Every line of the data below should be retyped exactly, with no images carried over.

### TASK DATA

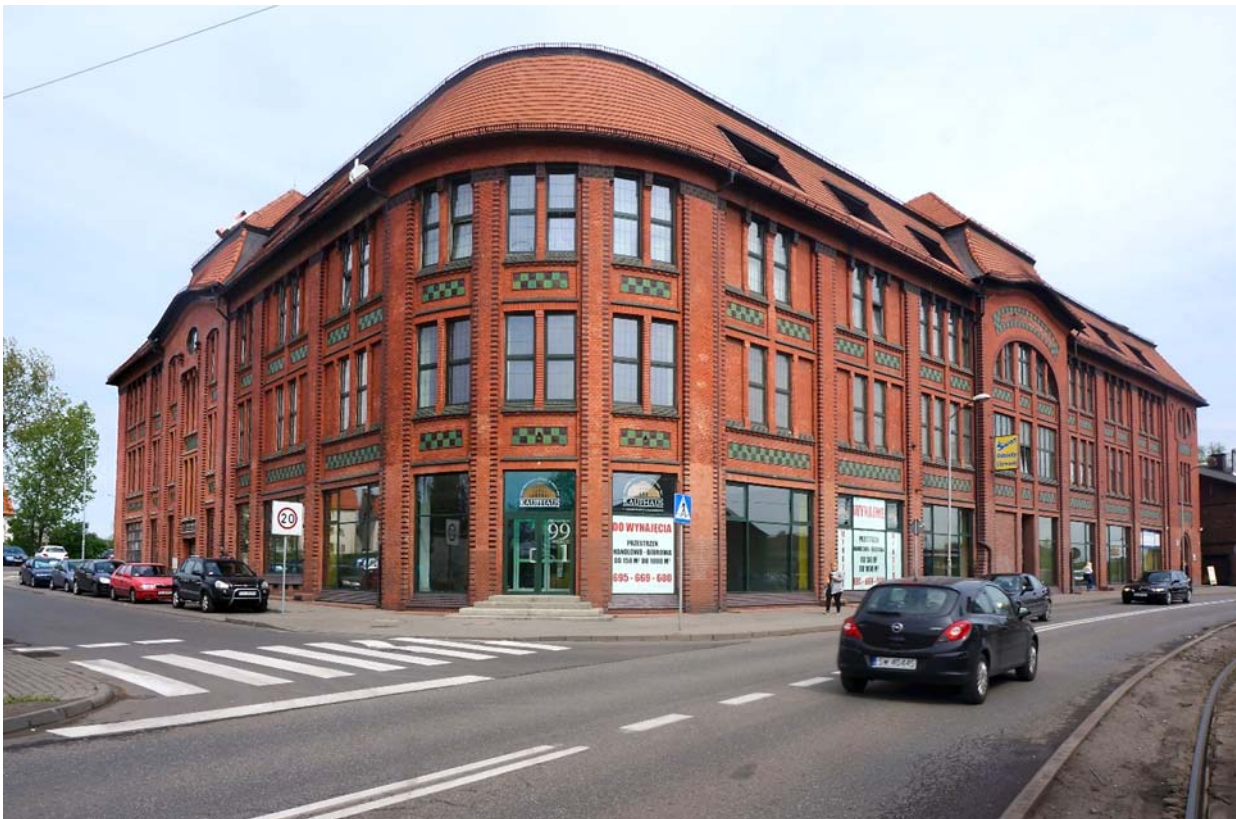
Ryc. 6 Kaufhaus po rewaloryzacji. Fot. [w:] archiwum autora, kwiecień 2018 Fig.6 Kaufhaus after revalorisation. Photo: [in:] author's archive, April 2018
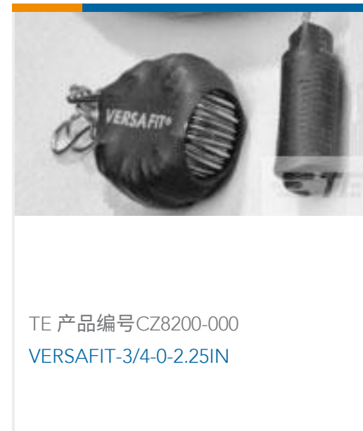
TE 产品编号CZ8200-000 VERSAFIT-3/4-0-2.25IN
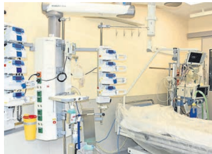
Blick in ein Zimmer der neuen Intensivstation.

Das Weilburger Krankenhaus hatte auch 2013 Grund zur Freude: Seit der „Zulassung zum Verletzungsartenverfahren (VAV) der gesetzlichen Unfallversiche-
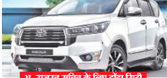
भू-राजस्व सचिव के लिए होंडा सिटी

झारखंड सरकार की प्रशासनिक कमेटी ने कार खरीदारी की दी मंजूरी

######

=== TASK ANSWER ===
Ryc. 6 Kaufhaus po rewaloryzacji. Fot. [w:] archiwum autora, kwiecień 2018 Fig.6 Kaufhaus after revalorisation. Photo: [in:] author's archive, April 2018
TE 产品编号CZ8200-000 VERSAFIT-3/4-0-2.25IN
Blick in ein Zimmer der neuen Intensivstation.

Das Weilburger Krankenhaus hatte auch 2013 Grund zur Freude: Seit der „Zulassung zum Verletzungsartenverfahren (VAV) der gesetzlichen Unfallversiche-
भू-राजस्व सचिव के लिए होंडा सिटी

झारखंड सरकार की प्रशासनिक कमेटी ने कार खरीदारी की दी मंजूरी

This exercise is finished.